I am having some trouble understanding the behaviour in this snippet:
我在理解此代码段中的行为时遇到了一些麻烦:
unsigned int i = 2;
const int &r = i;
std::cout << r << "\n";
i = 100;
std::cout << r << "\n";
The first print statement gives 2 as I expect, but when I change the value of the referenced variable, it is not reflected in the reference. The second print statement also gives 2, but I think it should give 100?
第一个print语句按预期给出2,但是当我更改引用变量的值时,它不会反映在引用中。第二个印刷声明也给出2,但我认为它应该给100?
If I make variable i into type int instead of unsigned int, it works as I expect. What is going on here?
如果我将变量i变成int类型而不是unsigned int,它就像我期望的那样工作。这里发生了什么?
2 个解决方案
#1
33
You can only have a reference to an object of the same type.
您只能引用相同类型的对象。
You cannot have an int reference to an unsigned int.
您不能对unsigned int进行int引用。
What is happening here is, essentially:
这里发生的事情基本上是:
const int &r = (int)i;
A new int temporary gets constructed, a new temporary object, and a const reference is bound to it.
构造一个新的int临时对象,绑定一个新的临时对象和一个const引用。
Using your debugger, you should be able to observe the fact that the reference is referring to a completely different object:
使用调试器,您应该能够观察到引用指的是一个完全不同的对象:
(gdb) n
6 const int &r = i;
(gdb)
7 std::cout << r << "\n";
(gdb) p i
$1 = 2
(gdb) p &i
$2 = (unsigned int *) 0x7fffffffea0c
(gdb) p &r
$3 = (const int *) 0x7fffffffe9fc
(gdb) q
#2
9
The second print statement also gives 2, but I think it should give 100?
第二个印刷声明也给出2,但我认为它应该给100?
Because a temporary int is created here.
因为在这里创建了临时int。
For const int &r = i;, i (unsigned int) needs to be converted to int at first, means a temporary int will be created and then be bound to r (temporary could be bound to lvalue reference to const), it has nothing to do with the original variable i any more.
对于const int&r = i;,i(unsigned int)首先需要转换为int,意味着将创建临时int然后绑定到r(临时可以绑定到对const的lvalue引用),它什么都没有与原始变量i有关。
If I make variable i into type int instead of unsigned int, it works as I expect.
如果我将变量i变成int类型而不是unsigned int,它就像我期望的那样工作。

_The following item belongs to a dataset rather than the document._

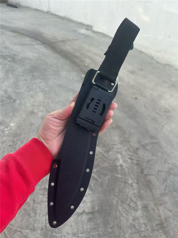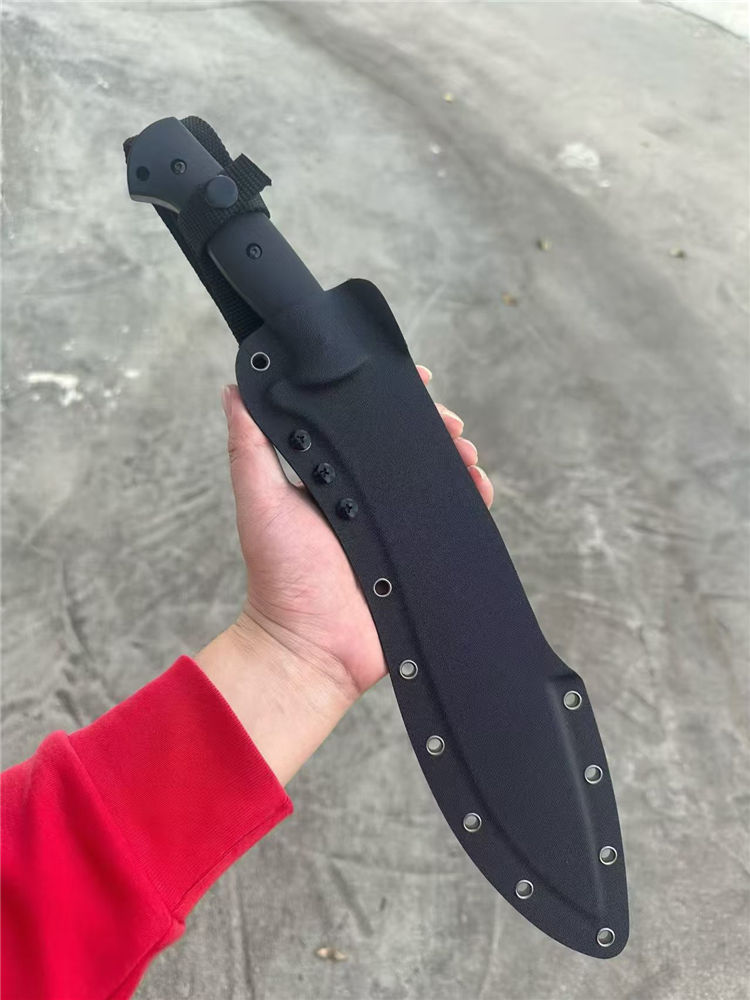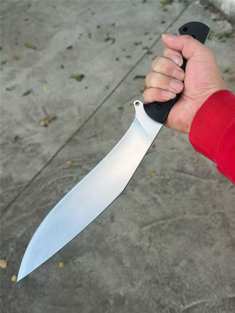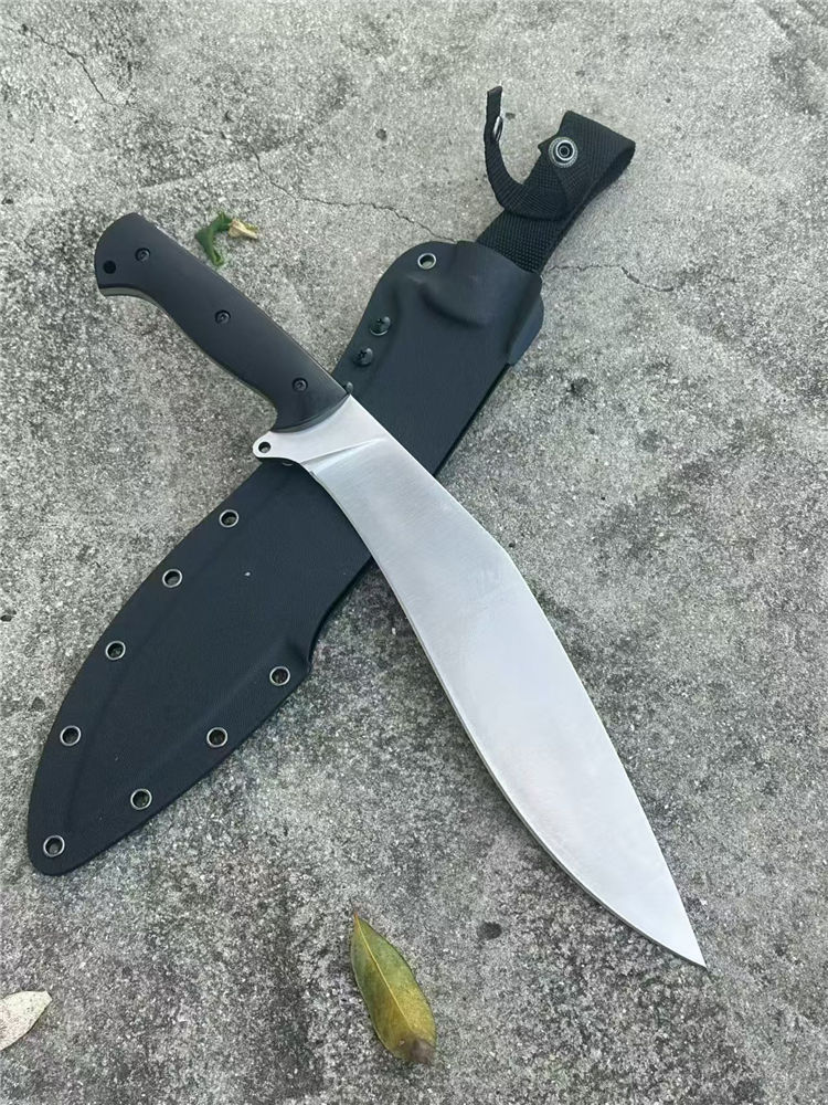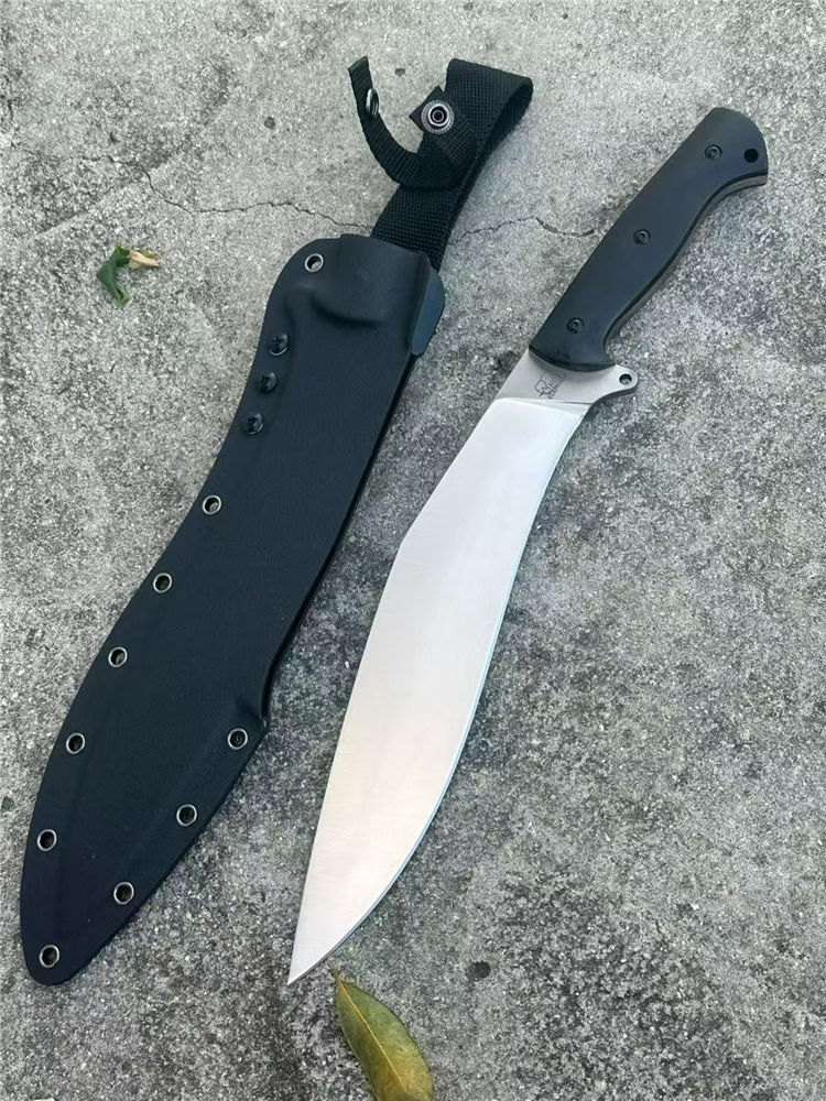 大象狗腿弯刀 全长:420mm 刃长:270mm 刃宽:53mm 柄长:140mm 材料:AUS-8钢 硬度:60HRC 厚度:6.5mm 表面:钢本砂光 手柄:黑色G10柄 cnc精细加工+数控v磨

Because no conversion and temporary is needed, i could be bound to r directly.
因为不需要转换和临时转换,所以我可以直接绑定r。
#1
33
You can only have a reference to an object of the same type.
您只能引用相同类型的对象。
You cannot have an int reference to an unsigned int.
您不能对unsigned int进行int引用。
What is happening here is, essentially:
这里发生的事情基本上是:
const int &r = (int)i;
A new int temporary gets constructed, a new temporary object, and a const reference is bound to it.
构造一个新的int临时对象,绑定一个新的临时对象和一个const引用。
Using your debugger, you should be able to observe the fact that the reference is referring to a completely different object:
使用调试器,您应该能够观察到引用指的是一个完全不同的对象:
(gdb) n
6 const int &r = i;
(gdb)
7 std::cout << r << "\n";
(gdb) p i
$1 = 2
(gdb) p &i
$2 = (unsigned int *) 0x7fffffffea0c
(gdb) p &r
$3 = (const int *) 0x7fffffffe9fc
(gdb) q
#2
9
The second print statement also gives 2, but I think it should give 100?
第二个印刷声明也给出2,但我认为它应该给100?
Because a temporary int is created here.
因为在这里创建了临时int。
For const int &r = i;, i (unsigned int) needs to be converted to int at first, means a temporary int will be created and then be bound to r (temporary could be bound to lvalue reference to const), it has nothing to do with the original variable i any more.
对于const int&r = i;,i(unsigned int)首先需要转换为int,意味着将创建临时int然后绑定到r(临时可以绑定到对const的lvalue引用),它什么都没有与原始变量i有关。
If I make variable i into type int instead of unsigned int, it works as I expect.
如果我将变量i变成int类型而不是unsigned int,它就像我期望的那样工作。
Because no conversion and temporary is needed, i could be bound to r directly.
因为不需要转换和临时转换,所以我可以直接绑定r。